In even a moderate-sized software project, there are many associated files, and they change quickly. Version Control is a way to keep track of those changes so that the history of development can be recovered.
But it does much more. Version control enables:
- working on code simultaneously with other team members
- creating “branches” of code, to try new or experimental features
- distributing code over the web for varied access
- tagging parts of the history for special use
- examining changes in the history in minute detail
- stashing some changes/ideas for later and recovering them
Today we will talk about Git, a popular and powerful distributed version control system. There are dozens of others, most notably Mercurial and Subversion.
Why version control? #
One of the key themes of this course is that code should be understandable to others. Next week we’ll talk about the basic rules of clear, readable, reusable code, such as formatting and style. But there’s another piece to it: a reader must understand why your code is the way it is. They must be able to deduce its history.

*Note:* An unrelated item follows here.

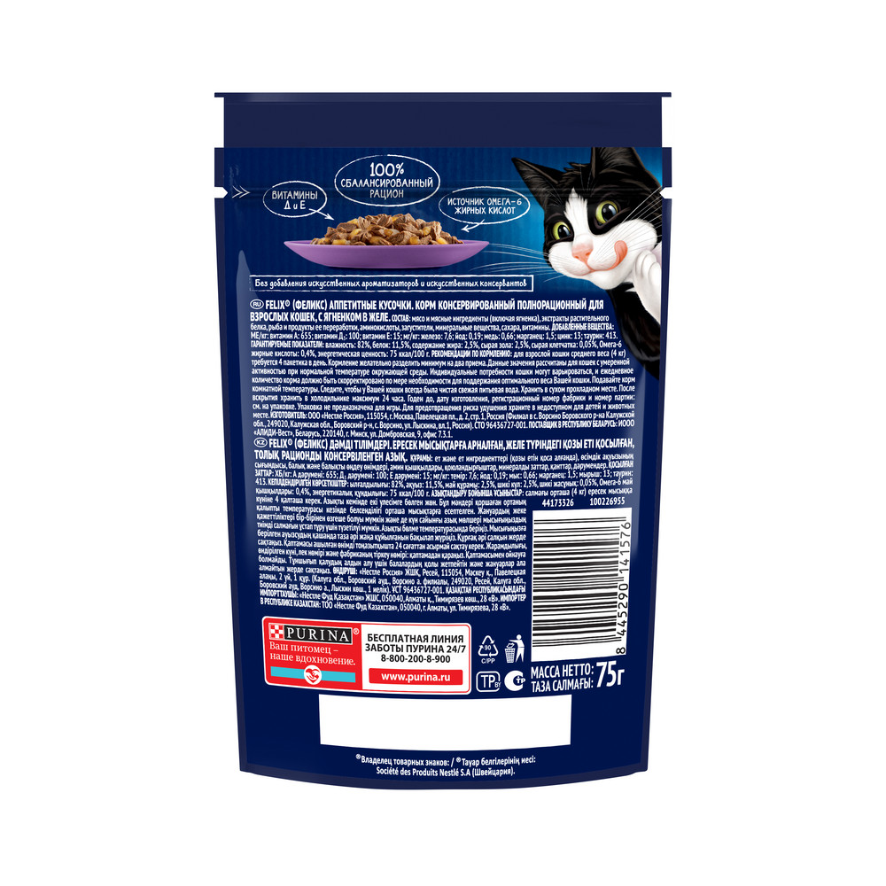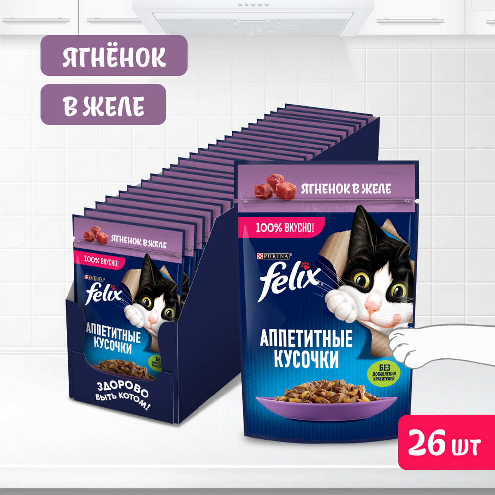 Влажный корм для кошек Felix Аппетитные кусочки — полнорационный, содержит все необходимое для здоровой активной долгой жизни.

And even if you’re not writing for an audience, there’s a saying I heard somewhere: The person who knows the most about your code is you six months ago, and you don’t reply to email.
So even when you’re working alone, version control provides many features:
- Keep a complete record of changes. You can always revert back to a previous version or recall what you changed.
- Store a message with every change, so the rationale for changes is always recorded.
- Mark snapshots of your code: “the version submitted to JASA” or “the version used for my conference presentation”.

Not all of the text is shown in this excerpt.